**What you are asked to do:** The task calls for an exact copy of the records, without any images.

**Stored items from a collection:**
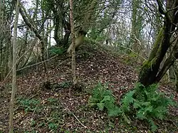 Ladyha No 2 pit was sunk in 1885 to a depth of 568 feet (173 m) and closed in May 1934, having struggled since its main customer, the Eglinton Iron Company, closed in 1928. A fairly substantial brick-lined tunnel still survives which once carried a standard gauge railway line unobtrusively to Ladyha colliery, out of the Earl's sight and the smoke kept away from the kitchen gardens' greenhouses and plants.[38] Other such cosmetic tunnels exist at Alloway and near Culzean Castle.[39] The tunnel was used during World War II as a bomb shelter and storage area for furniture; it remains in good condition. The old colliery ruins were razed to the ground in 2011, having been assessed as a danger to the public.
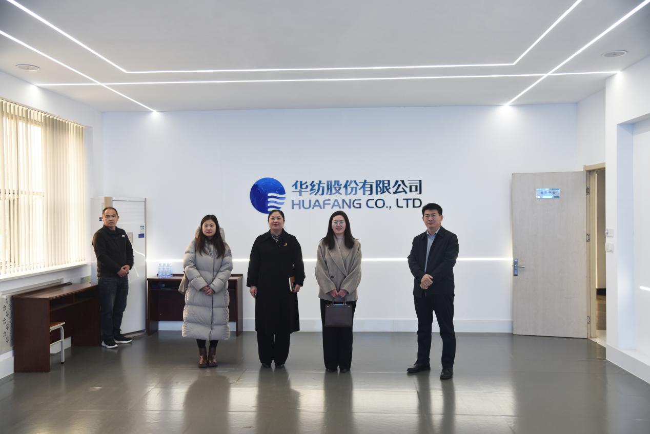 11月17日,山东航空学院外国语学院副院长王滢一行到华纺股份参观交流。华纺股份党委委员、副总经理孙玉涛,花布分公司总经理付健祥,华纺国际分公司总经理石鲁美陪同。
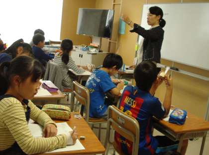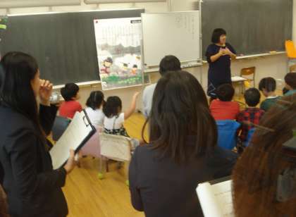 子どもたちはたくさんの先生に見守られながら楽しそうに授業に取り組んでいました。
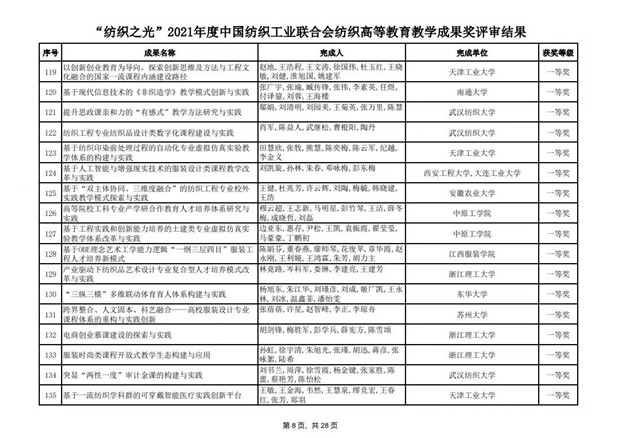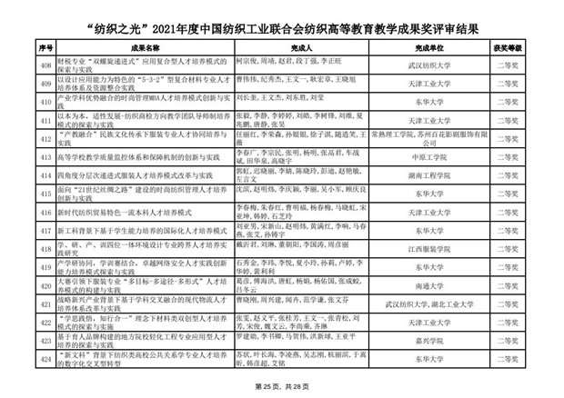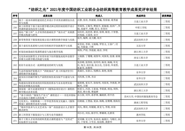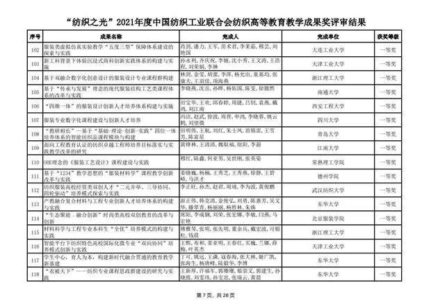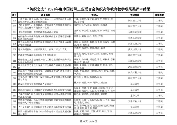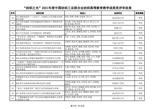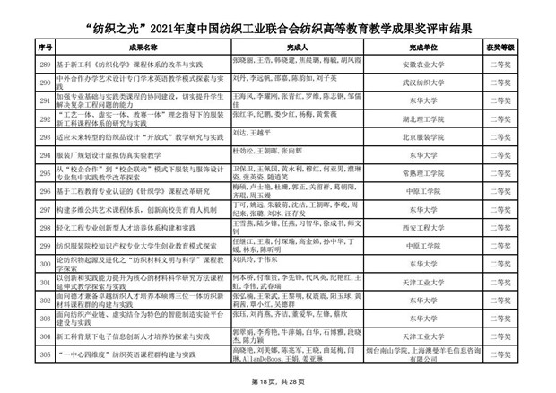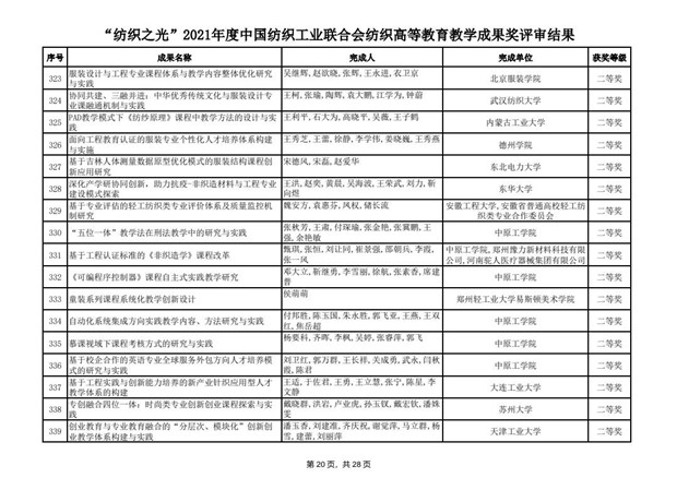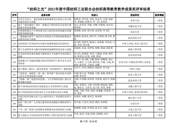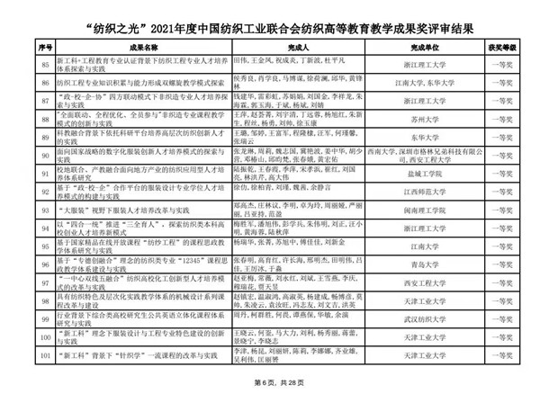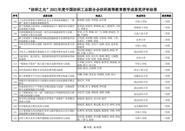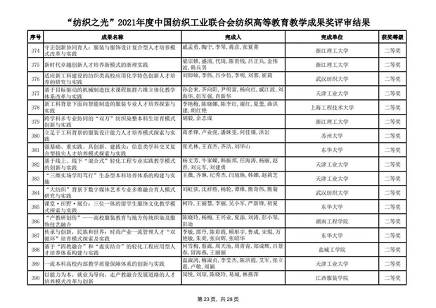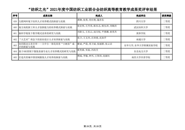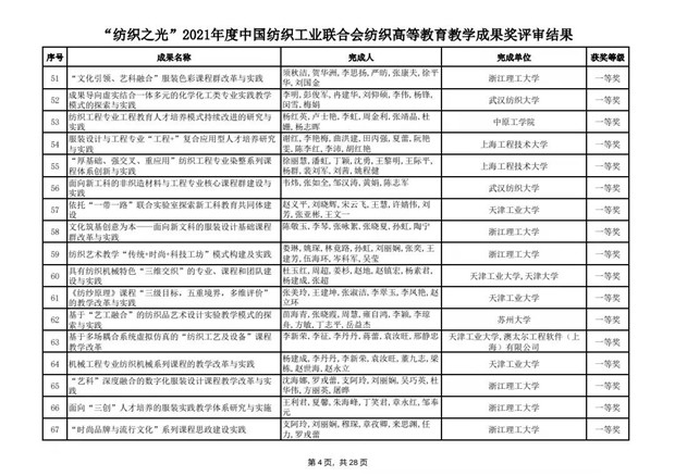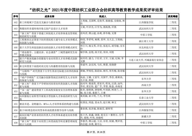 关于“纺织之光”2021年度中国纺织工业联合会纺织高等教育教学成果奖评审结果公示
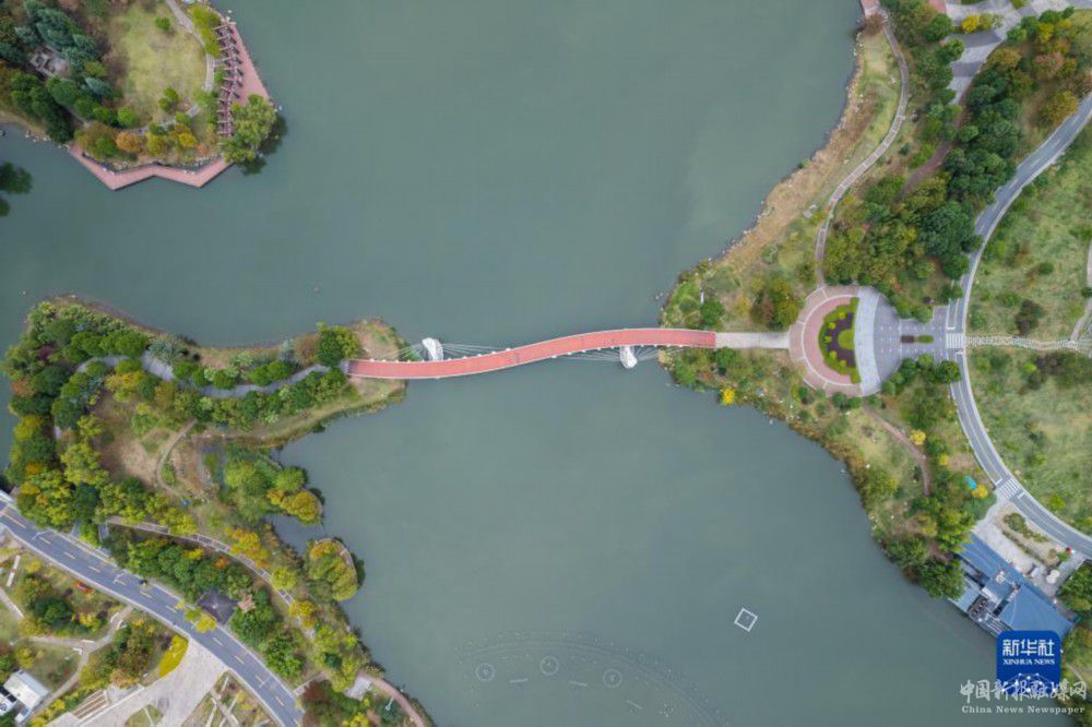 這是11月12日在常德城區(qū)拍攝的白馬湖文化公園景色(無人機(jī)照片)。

**Response:**
 Ladyha No 2 pit was sunk in 1885 to a depth of 568 feet (173 m) and closed in May 1934, having struggled since its main customer, the Eglinton Iron Company, closed in 1928. A fairly substantial brick-lined tunnel still survives which once carried a standard gauge railway line unobtrusively to Ladyha colliery, out of the Earl's sight and the smoke kept away from the kitchen gardens' greenhouses and plants.[38] Other such cosmetic tunnels exist at Alloway and near Culzean Castle.[39] The tunnel was used during World War II as a bomb shelter and storage area for furniture; it remains in good condition. The old colliery ruins were razed to the ground in 2011, having been assessed as a danger to the public.
 11月17日,山东航空学院外国语学院副院长王滢一行到华纺股份参观交流。华纺股份党委委员、副总经理孙玉涛,花布分公司总经理付健祥,华纺国际分公司总经理石鲁美陪同。
 子どもたちはたくさんの先生に見守られながら楽しそうに授業に取り組んでいました。
 关于“纺织之光”2021年度中国纺织工业联合会纺织高等教育教学成果奖评审结果公示
 這是11月12日在常德城區(qū)拍攝的白馬湖文化公園景色(無人機(jī)照片)。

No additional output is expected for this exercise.